Natürlich werden bei diesem Verfahren keine Flüsse aufgeteilt und es wird auch sichergestellt, dass, wenn ein Fluss basierend auf den Berechnungen an einem bestimmten Port ausgegeben wird, dieser Fluss immer den Network Packet Broker über denselben Port in der Zukunft.

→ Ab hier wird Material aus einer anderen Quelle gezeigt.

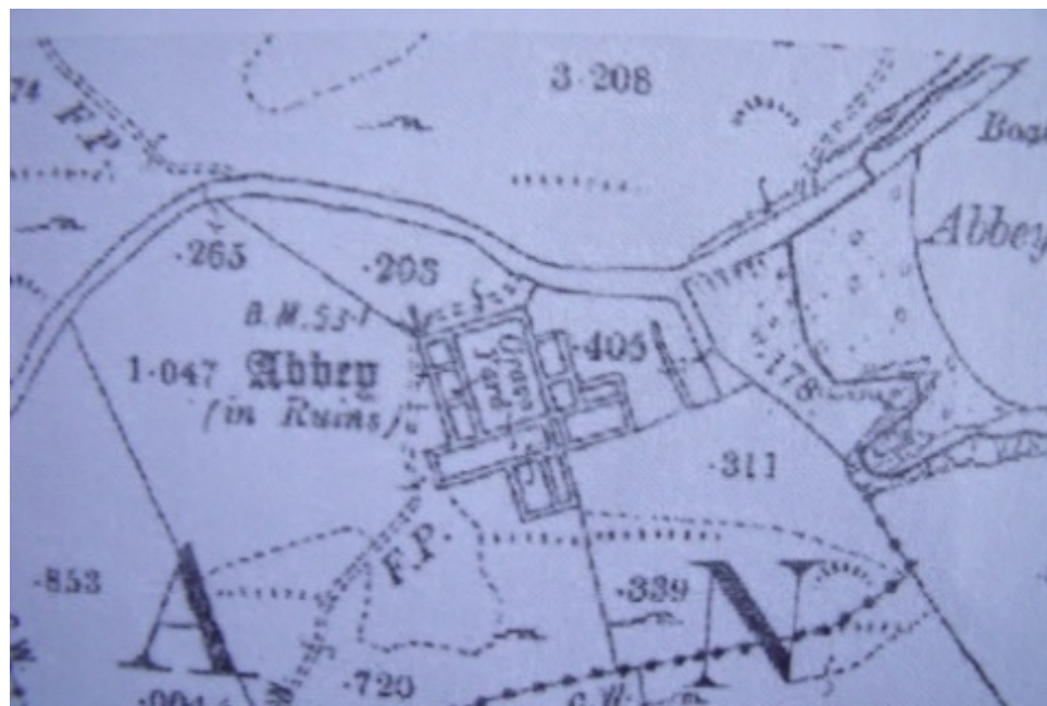
↑N Detail: Sherkin Friary. (25-Inch Ordnance Survey map. 1897-1913).

Mittels eines konfigurierbaren Timeouts kann der Benutzer festlegen, wann ein Flow seine Zugehörigkeit zu einem Ausgabeport verliert. Im Wiederholungsfall wird dieser dann wieder regulär an die Teilnehmer der Load-Balancing-Portgruppe ausgegeben und sowohl durch die Lasterkennung im TX-Stream als auch mittels Hashwertbildung ermittelt, welcher Ausgabeport des Network Packet Broker ist derzeit am besten geeignet, um die Daten in das angeschlossene Analysesystem zu bringen.

Fazit

Es hat sich gezeigt, dass die Verteilung der eingehenden Datenlast mittels Load Balancing seit vielen Jahren eine effektive Methode zur Nutzung von Sicherheits-, Analyse- und Überwachungssystemen ist. Im Laufe der Jahre wurde dieser Prozess weiter verbessert und gipfelt im Dynamic Load Balancing der PacketLion-Serie.

Das ständige Nachverfolgen der Konfiguration hinsichtlich der Verteilung der einzelnen Sitzungen auf die angeschlossenen Systeme ist nicht mehr notwendig; dies übernimmt nun die Intelligenz des Network Packet Broker und ermöglicht dem Anwender, das volle Potenzial seiner Systeme auszuschöpfen und unnötige Ausgaben zu vermeiden.